Historic church in Arkansas, United States

The Cathedral of Saint Andrew is the seat of the Roman Catholic Diocese of Little Rock in Little Rock, Arkansas, in the United States. It is located on South Louisiana Street in that city.

The cathedral is the oldest continuously used house of worship in Little Rock. As of 2025, the rector of the cathedral is Monsignor Joseph L. de Orbegozo.

==History==
During the early 1800s, Little Rock was under the ecclesiastical jurisdiction of the Diocese of St. Louis in St. Louis, Missouri. The diocese in 1830 sent Reverend Peter Donnelly to minister to the small Catholic population in the city. Donnelly celebrated the first mass in Little Rock in a room over a store that same year.

As the congregation, it purchased a building in Little Rock to serve as a temporary chapel. The Lazarist missionary Joseph Richard Bole and a Reverend Paris built the first St. Andrew Church on Louisiana Street in 1839; it became known as the Old French Church. Bishop Mathias Loras of the Diocese of Dubuque dedicated it in 1841. That same year, the parish opened a convent for a contingent of the Sisters of Loretto, who later opened a school.

Pope Gregory XVI erected the Diocese of Little Rock on November 28, 1843, with St. Andrew Parish designated as the episcopal seat. Bishop Andrew Byrne dedicated the first St. Andrew Cathedral in 1845. In 1850, Byrne recruited a contingent of Sisters of Mercy from Ireland to come to the parish. He converted his residence next to the cathedral into a convent for them. The sisters then opened a day school with 55 students, nearly all of whom were non-Catholics.

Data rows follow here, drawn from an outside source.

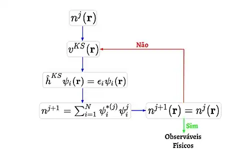 É necessário resolver a equação de KS para determinar a densidade eletrônica, entretanto, depende de e não é possível resolver a equação diretamente. Nesse caso, comumente, é adotado um cálculo autoconsistente.
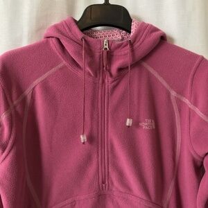 Women's THE NORTH FACE TKA MICRO 1/2 Zip Hoodie Pullover Fleece Size Large pink
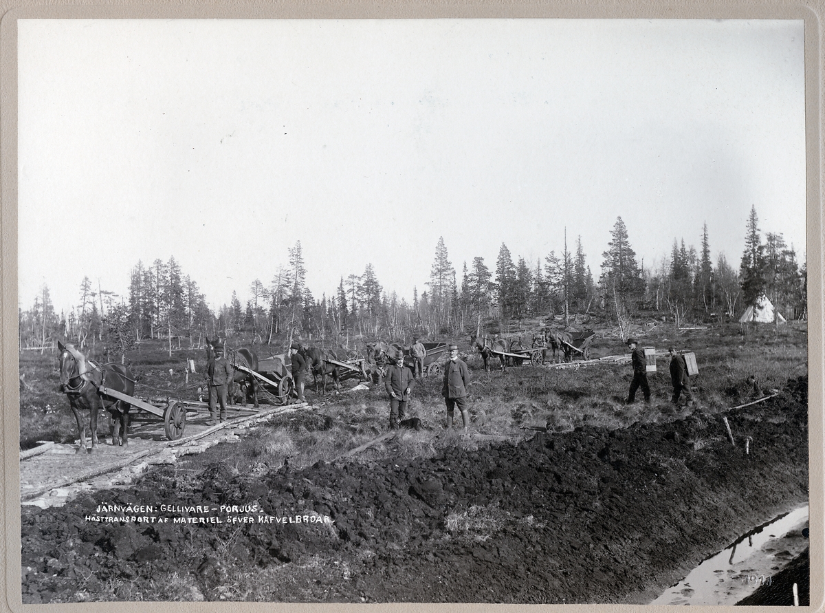 Förste baningenjör Axel Poring (med hunden) arbetsledare för första arbetssträckan från Gällivare vid järnvägsbyggnaden Gällivare-Porjus.
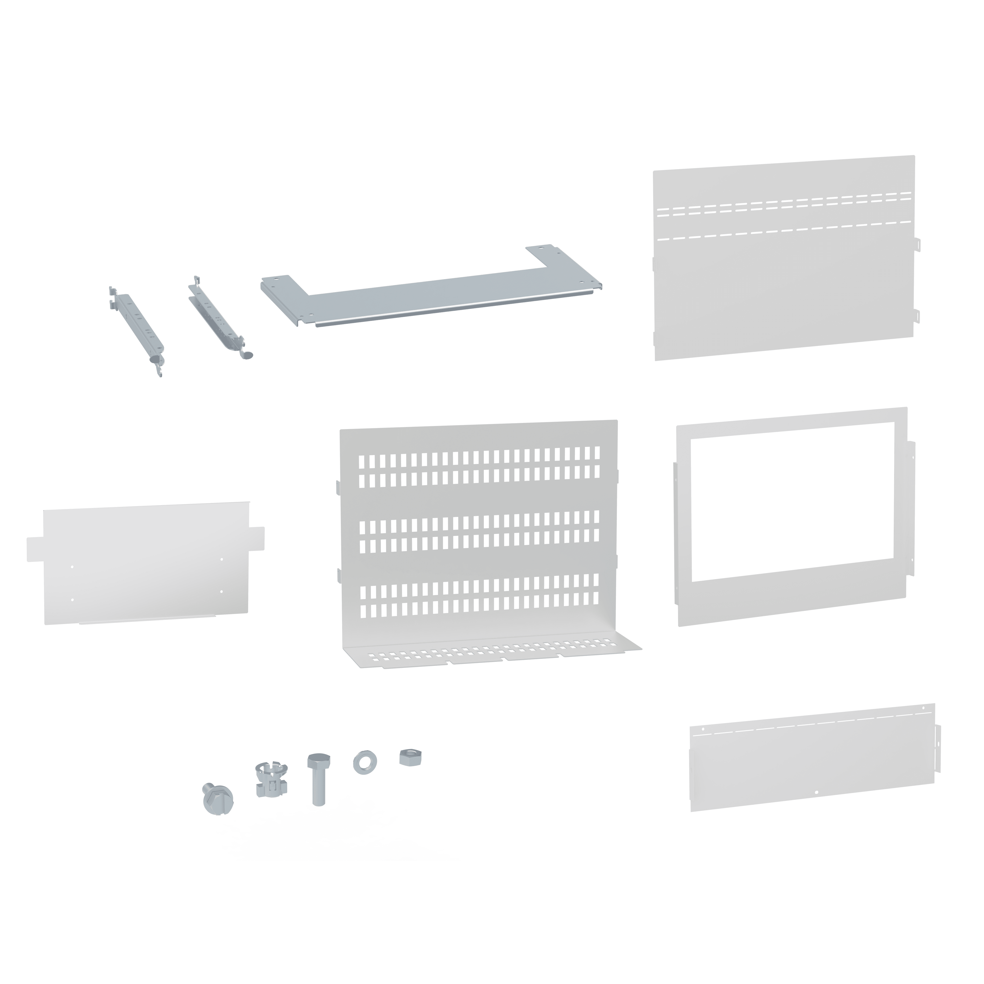 La piastra di montaggio e gli elementi di segregazione sono adatti alle unità funzionali del PrismaSeT P Compatibilità con TransferPacT 800-1600A 3P4P. Sono progettati per l'installazione verticale e sono ideali per un'ampia gamma di configurazioni elettriche. È compatibile con armadi di larghezza 650 mm. È in lamiera di acciaio e lamiera PC. Il colore è RAL 9003 ed è conforme agli standard RoHS e REACh. Trattamento di elettroforesi e lastra di acciaio con polvere epossidica poliestere polimerizzata a caldo.
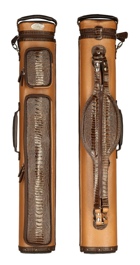 Castillo Honey Brown Leather With Chocolate Brown Ostrich Leg Accent 3×5 Hard Leather Pool Cue Case – CLG35HBRCBOS
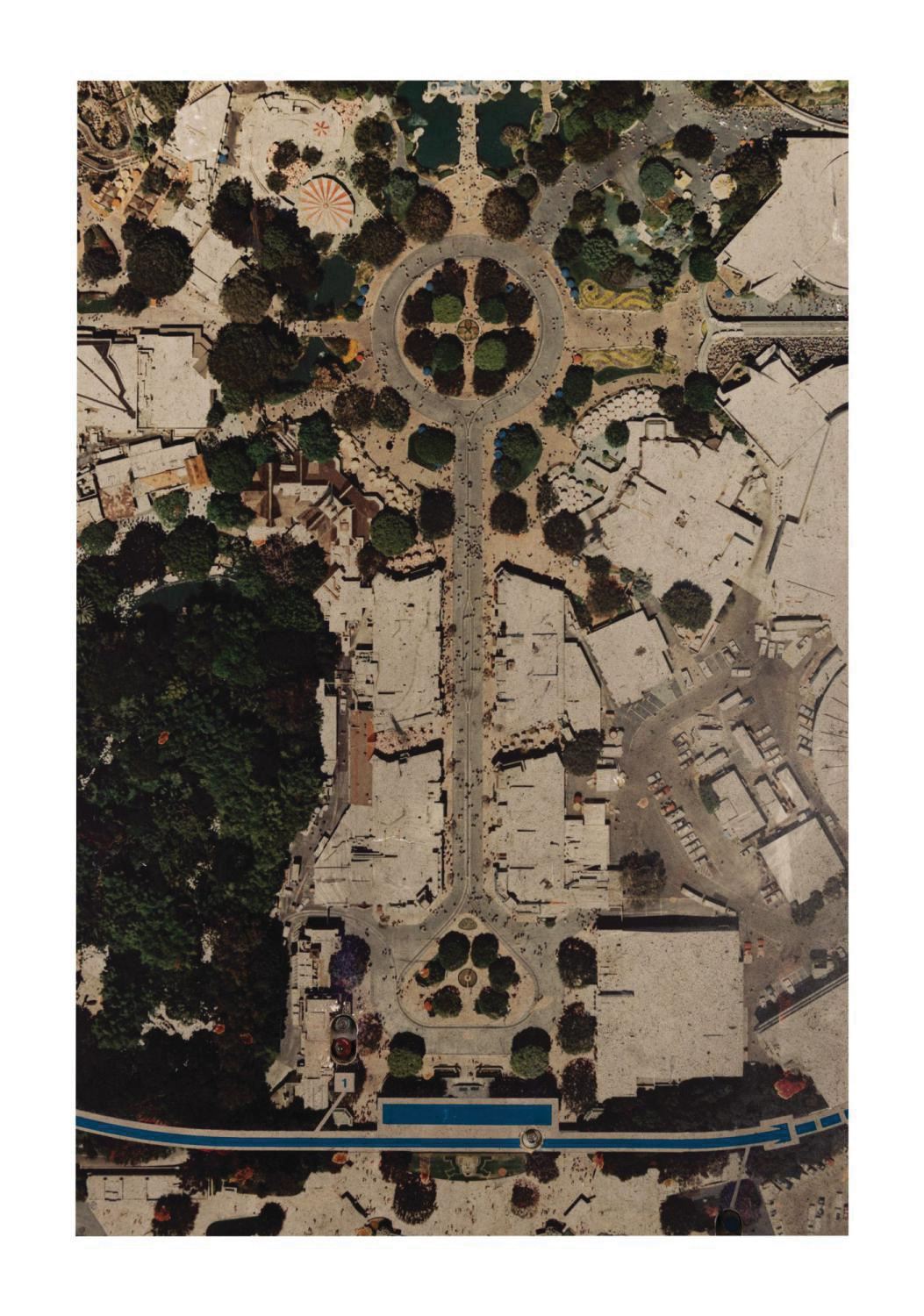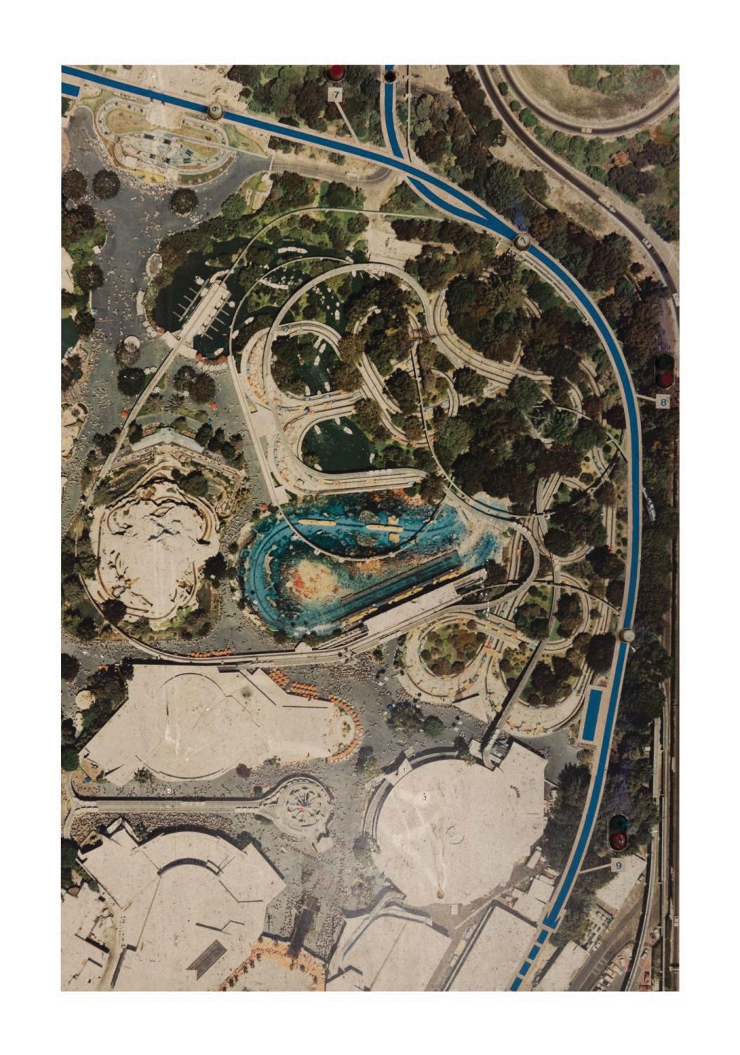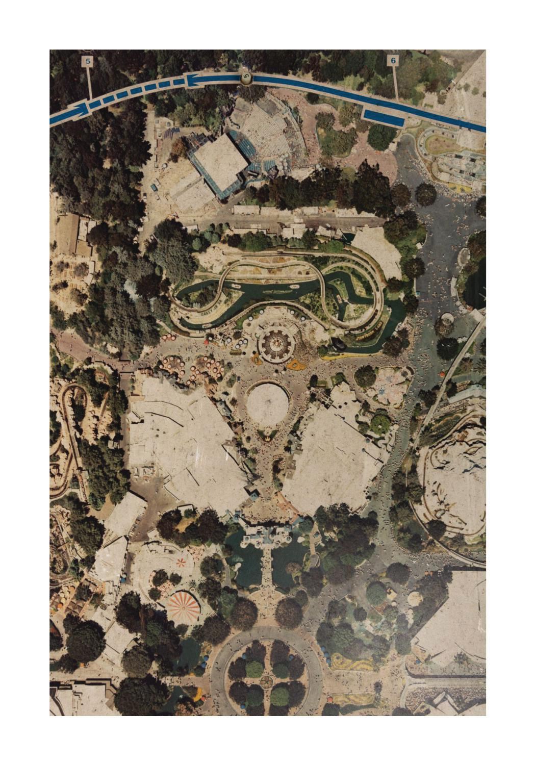 (Disneyland, c.1985-88) A Disneyland Railroad Electronic Tracking Board once utilized to report the location of all five trains and their rolling stock on the Disneyland Railroad. The tracking board contains two layered large aerial photos, as it became practical to mount a current aerial blow-up photo on the face of the panel over the previously used circa 1985 photo. This fascinating early component of Disneyland's Railroad history was likely removed from either the Main Street Station office or the Roundhouse office, prior to the more modern use of computerized systems. Measuring 39.25"x34", with various electronic components on the reverse, the tracking board displays in very good condition, with a few missing lighting and electrical components and areas of surface wear.
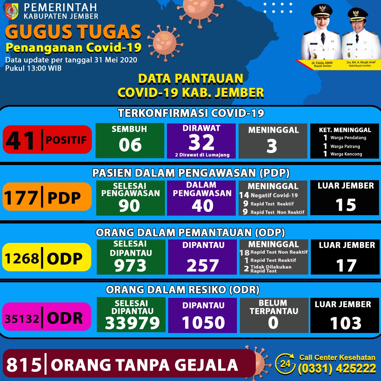 KLIKJATIM.Com | Jember – Jumlah kasus terkonfirmasi positif coronavirus disease (Covid-19) di Kabupaten Jember terus saja naik. Berdasarkan update data per tanggal 31 Mei 2020 terdapat penambahan 8 orang positif Covid-19, sehingga totalnya sampai saat ini menjadi 41 kasus.
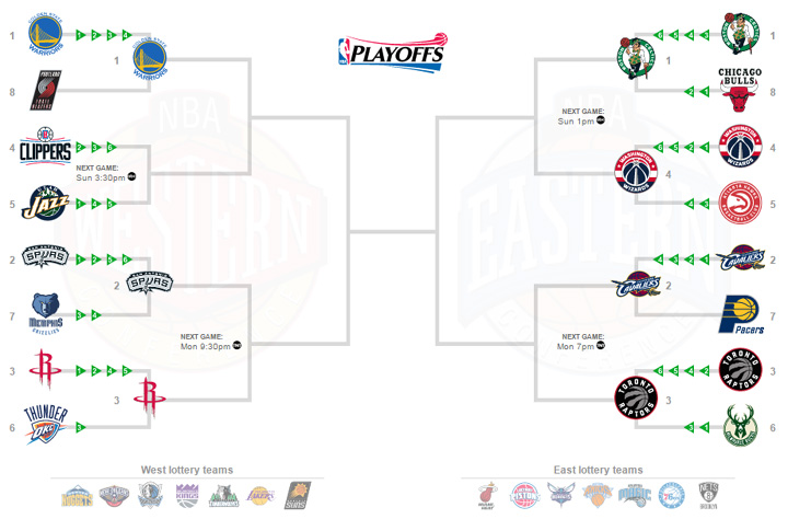 Τα 7/8 του πρώτου γύρου των πλέι οφ στο ΝΒΑ ολοκληρώθηκαν, καθώς Σέλτικς και Ουίζαρντς προκρίθηκαν στα ημιτελικά της ανατολής. Οι Κέλτες, που βρέθηκαν να χάνουν με 2-0 στη σειρά με τους Μπουλς, απάντησαν με τέσσερις νίκες και προκρίθηκαν στον δεύτερο γύρο, όπου θα αντιμετωπίσουν με πλεονέκτημα έδρας του Ουίζαρντς, οι οποίοι άφησαν εκτός συνέχειας τους Χοκς.
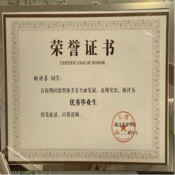 在校期间,连续三年综合测评成绩稳居第一,获2022届“优秀毕业生”,在校期间,共获国家级、校级、院级荣誉40余项,一次性考取小学心理健康教育教团队格证、普通话二级甲等,高级心理健康指导师等技能证书。
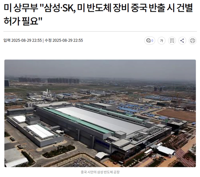 현지시간 29일 미연방 관보에 따르면 미 상무부는 삼성전자와 SK하이닉스, 인텔이 중국 내 생산 시설에 미국산 반도체 제조 장비를 공급할 때 일일이 허가를 받을 필요가 없도록 한 포괄 허가를 폐지하기로 했습니다.
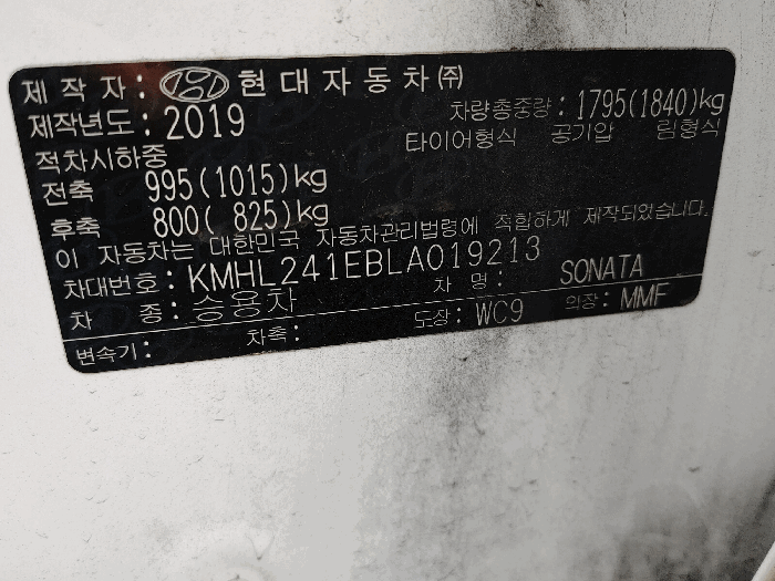 | 제조사 | 현대 | 차량명 | 쏘나타(SONATA) |
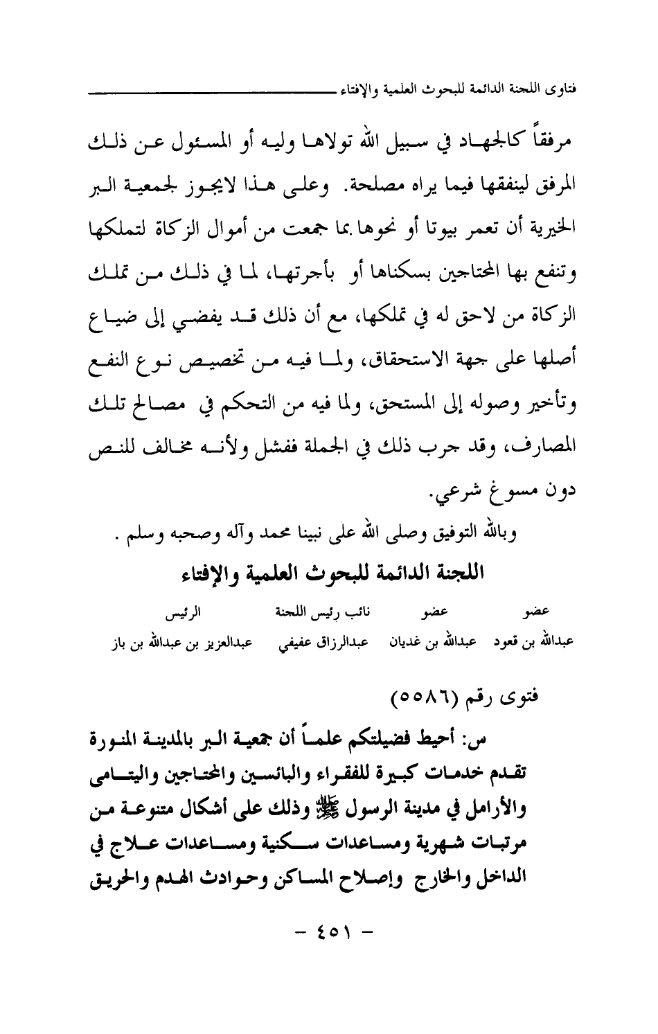 مرفقا كالجهاد في سبيل الله تولاها وليه أو المسئول عن ذلك المرفق لينفقها فيما يراه مصلحة. وعلى هذا لا يجوز لجمعية البر الخيرية أن تعمر بيوتا أو نحوها بما جمعت من أموال الزكاة لتملكها وتنفع بها المحتاجين بسكناها أو بأجرتها، لما في ذلك من تملك الزكاة من لا حق له في تملكها، مع أن ذلك قد يفضي إلى ضياع أصلها على جهة الاستحقاق، ولما فيه من تخصيص نوع النفع وتأخير وصوله إلى المستحق، ولما فيه من التحكم في مصالح تلك المصارف، وقد جرب ذلك في الجملة ففشل ولأنه مخالف للنص دون مسوغ شرعي.

As the parish grew, Bishop Edward Fitzgerald decided that it needed a larger cathedral. He laid the cornerstone for the present St. Andrew Cathedral on July 7, 1878, and dedicated it on November 27, 1881. The tallest tower on the building was completed in 1887. The parish purchased another property in 1923 to build a larger St. Andrew School, which opened in 1924.

In 1947, the parish completed extensive repairs to the cathedral roof, walls and steeples. A tornado in 1950 toppled the cross on one of the towers and shattered two of the cathedral's stained glass windows. The parish in 1962 constructed a new crypt. The crypt contains the remains of four bishops of the diocese. With the decline in families in the parish, St. Andrew School closed in 1952. The rectory was replaced in 1966.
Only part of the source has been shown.